Mahindra Systech, started in 2004 as an automotive component supplier, consists of 3 core divisions: Mahindra Engineering Services (MES), Sourcing Unit and the Manufacturing Unit. MES has been providing design and delivery services to the global automotive, aerospace, and manufacturing industry. The aerospace manufacturing division has been involved in tool design/development and prototyping/manufacturing of jigs & fixtures, metal, composite components and assemblies. The Aerospace Division is an AS9100 Rev. B certified design organization embodying decades of experience in global aerospace design and development programs.

In 2006, M&M also acquired an aerospace engineering firm Plexion Technologies. Mahindra Defence Systems has traditionally been providing solutions for the light combat / armored vehicles for defence forces. Chief Technology Officer, Mahindra Aerospace, Dr.  Karthik Krishnamurthy shares his companies experience with Lucintel. Excerpts:

1. What are the key drivers for composite consumption in Aerospace industry?

Dr. Krishnamurthy: The global trend in aero-structures for both civil and defense applications is very well-established in favour of high-technology composites.

2. Key challenges faced by composite end-users in India?

Dr. Krishnamurthy: Restricted availability of aerospace-grade raw materials is a challenge for local manufactures that is not easily overcome. Developing the capability to cost-effectively manufacture this material domestically is an immense challenge. Small domestic consumption volumes make it unattractive for global material manufacturers to pay much attention to this market.

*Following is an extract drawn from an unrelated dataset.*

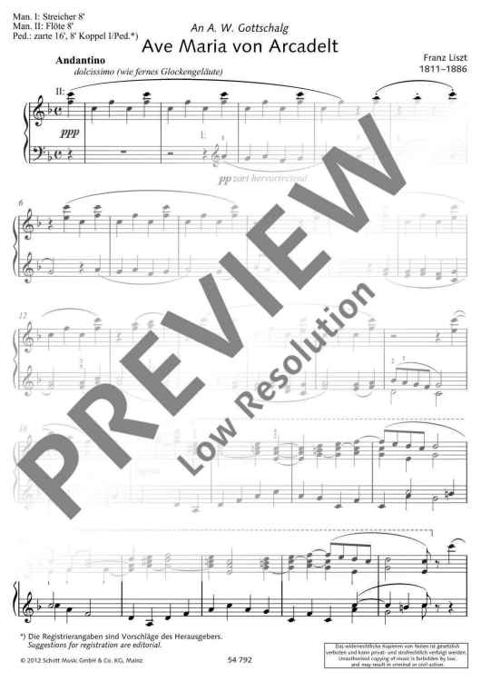 Franz Liszt composed his lyrical-meditative organ fantasia on the Ave Maria von Arcadelt in Rome in 1863. In contrast to his major virtuoso works, this charming genre piece can even be easily played on smaller (double-manual) instruments, even without swell-organ and reeds. The 'Liszt organ' at the village church of Denstedt near Weimar, which was built by the Peternell brothers in 1859/60 and has survived in its original state, may be used as an example. It did not become known until in 1927 that the Ave Maria attributed to Jakob Arcadelt (around 1505-1568) was a revised version by the composer Pierre-Louis-Philippe Dietsch (1808–1865) who used the melody of Arcadelt's chanson Nous voyons que les hommes which he then harmonized into his own Romantic four-part choral setting and to which he added the sacred text as a contrafactum. Our separate edition wants to make this rather 'poetic', yet quite easy-to-play organ work without any major technical difficulties accessible to a large circle of interested people.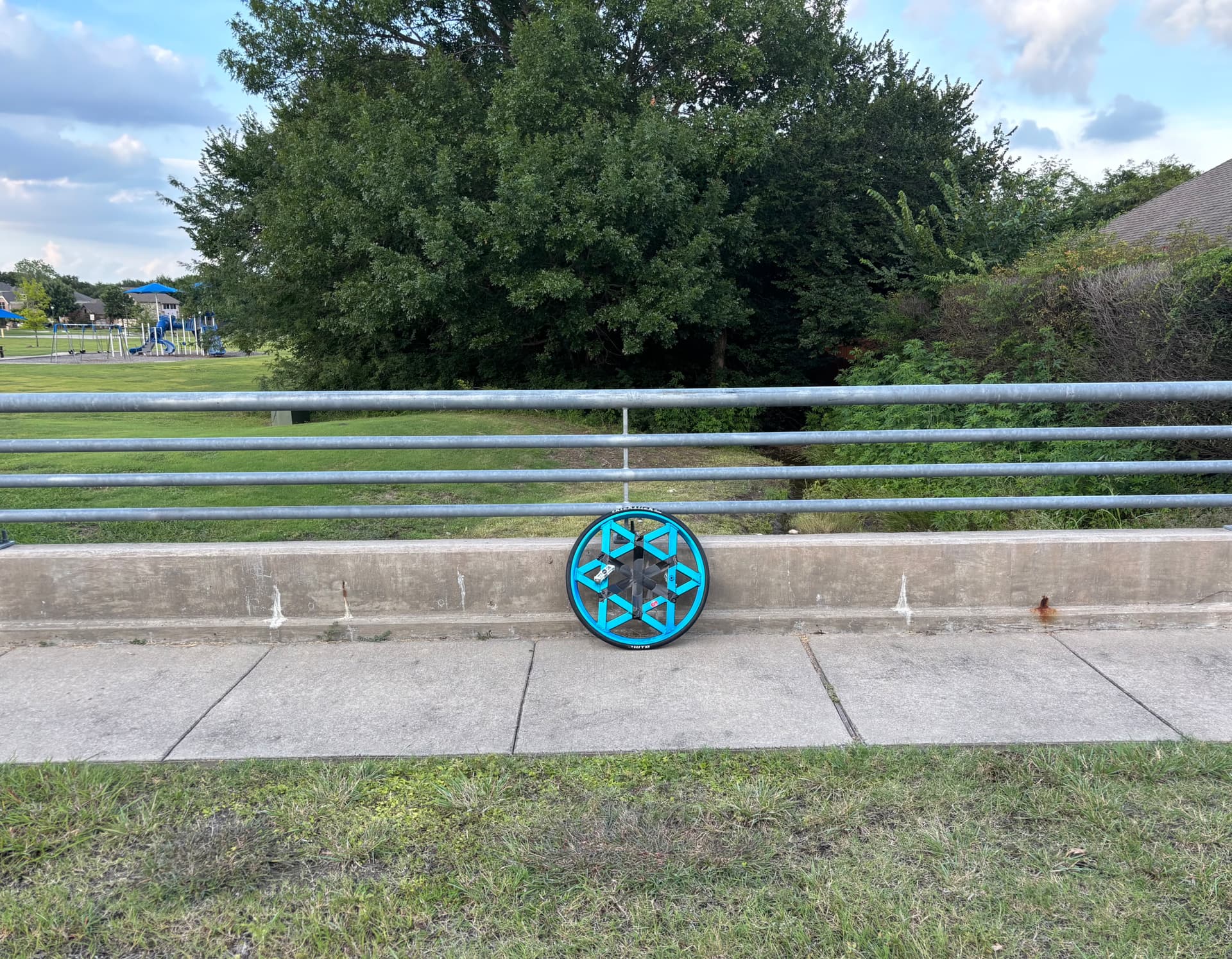 The railing is my new Ultimate Wheel practice location.

3. Tell us about the impact of government policies on aerospace industry?

Dr. Krishnamurthy: The offset policy encourages global aerospace OEMs to procure high-technology components from India, and defense aero-structures are largely composite-based. Labour cost arbitrage encourages manufacture of any labour-intensive parts and assemblies in India.

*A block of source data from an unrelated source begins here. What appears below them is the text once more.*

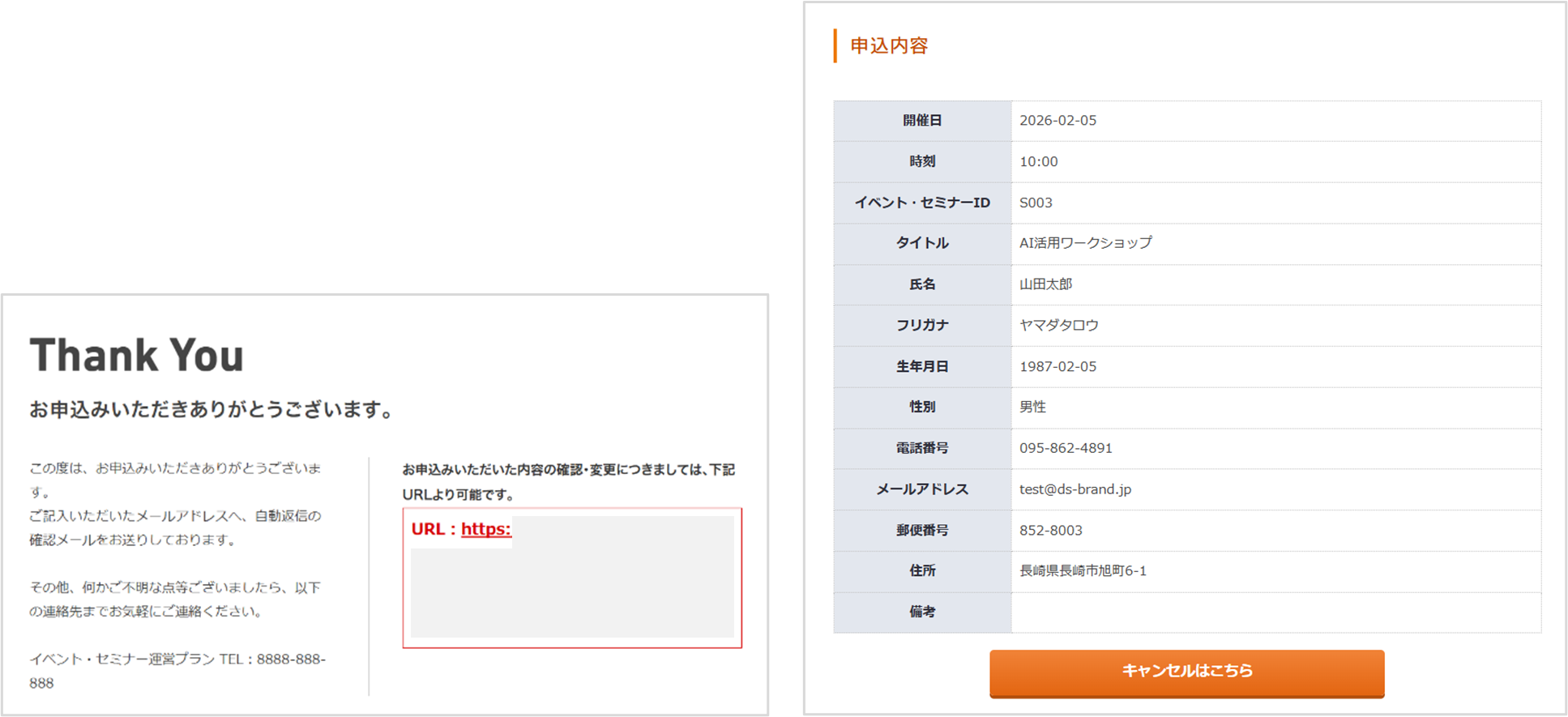 申し込まれた内容は、管理者と申込者の双方へ自動返信メールとして通知が届きます。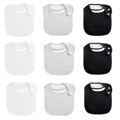 Oaygat 9 Pack Baby Dribble Bibs Waterproof Absorbent Cotton Drool for Boys and Girls Drooling Eating with Snaps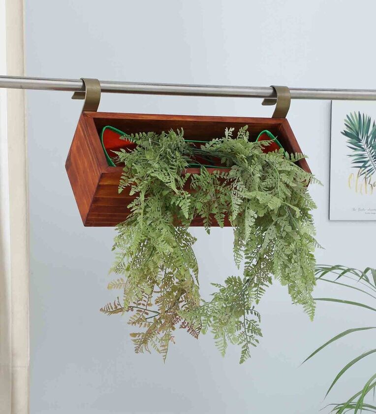 Our unique styled Railing Rectangular Large size wooden planters are just the perfect thing to create your own gardening spaces aka My Edens garden balconies. Can be used both Indoors and Outdoors (Balconies/Patios - partially or fully covered). Perfect for hanging on railings in your balconies. It comes with very sturdy two large hooks polished with antique finish to give that elegant look. We are proud to say that it is a specially handcrafted eco-friendly product Made in India by the finest artisans from Jodhpur, Rajasthan using seasoned / dried pine wood which has been made weather resistant to give you long lasting planter which can stand-by in all weathers. It's made with 0.75 inch thick wood with Length 18 XWidth 7XHeight(depth) 6 and which is deep enough to ensure plants can breathe and grow and have a suitable ecosystem. It is an eco-friendly gardening product especially targeted for urban houses to create your green corner. It comes with strong elevated caps for the feet to protect them from water.The planter comes along with a liner separating the wooden planter wall from soil which gives the planter even more longevity with self-draining holes for excess water to drain out protecting plants from waterlogging. We promise you that you will be thrilled to see your plant in this. With wood, earth, water, greenery and space, this unique product offers all-natural aspects coming together and fulfilling your life. Do check out other products in our catalog which also targets for beautifying indoor spaces with elevated beds, hanging baskets, colorful table-tops to suit your decor, railing planters etc. And yes, dont miss out Mythical Tulsi Planters ?? Link here. Disclaimer: The grains, color of wood or weather resistant finishing may slightly differ from the picture on displayed above. Some wood pieces may also have a natural hole which is the pith of the tree (innermost circle). This will not harm or affect the planter in any way. The planters are specially curated with loads of love and we have tried to maintain its natural beauty as much. You may find black/brown/white patches sometimes which are all natural pine wood and we have retained all that. Please check the products dimension prior to ensure it will fit your available space/location of your choice. Please expect an unevenness of 5-10 mm in the product due to differences in surfaces and floor.Details: Material: Seasoned (dried) Pine WoodShape: RectangleSize: Length 18" x Width 7" x Height (Depth) 6" Item Weight: 2 KgMounting Type: Hanging on RailingAssembly Required: Yes (Screws and Hook to be fitted)Brand: My Eden Country of Origin: IndiaNumber of Pieces: 1Style: Contemporary & ModernAccessory: Liner Bag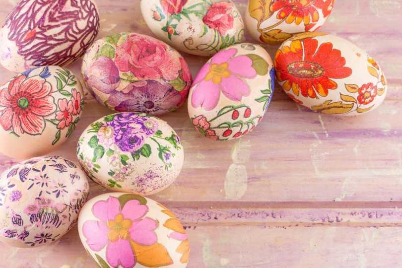 Сварите яйца, остудите их и высушите. Приготовьте трехслойные разноцветные салфетки, кисточку и яичный белок в качестве клея. Можно приступать к декорированию: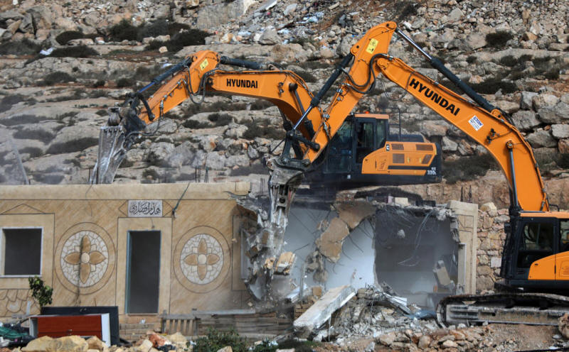 Das israelische Militär setzt Bagger ein, um am 28. November zwei palästinensische Häuser in der Gegend von Jabal Johar in der Nähe der israelischen Siedlung Kiryat Arba im Westjordanland zu zerstören.

4. Do you see high-potential for composites in the Indian market? If yes, what are some of reasons for the same?

Dr. Krishnamurthy: Potential growth in India-based space-launch and satellite development (under the ISRO umbrella) as a commercial service to other nations is also a driver for domestic production of high-technology products using composites.

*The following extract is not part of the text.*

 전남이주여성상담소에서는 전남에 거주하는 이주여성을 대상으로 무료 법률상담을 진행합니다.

5. Steps required in making India an export hub for Aerospace components?

Dr. Krishnamurthy: For us to be an export hub we need to be globally competitive on quality, cost and consistency. Bilateral equivalencies between our Government with regulatory agencies such as EASA and FAA are vital to relieve the individual industries from chasing regulatory certification on their own resources.

6. Steps required to be taken by aerospace industry to be able to compete with more developed industries in the west?

Dr. Krishnamurthy: The global aero manufacturing industry is characterized by certifications (customer-specific + industry-specific + regulatory), and Indian private industry has not been widely exposed to the expectations of the global aerospace OEMs.

Our industry has to ramp up to meet global quality and certification expectations, managing rejection rates and costs of manufacture to stay ahead of other nations. This propagates back to the availability of world-class training to produce world-class skill sets at all stages of the manufacturing chain.

7. Government support and policies change that is required to encourage exports of composite components?

Dr. Krishnamurthy: With all major aerospace OEMs being located in the West, we have a geographic disadvantage compared to other low-cost countries (such as Brazil and Mexico), which increases pressure on cost-competition. Government policies that boost our global cost-competitiveness are critically important.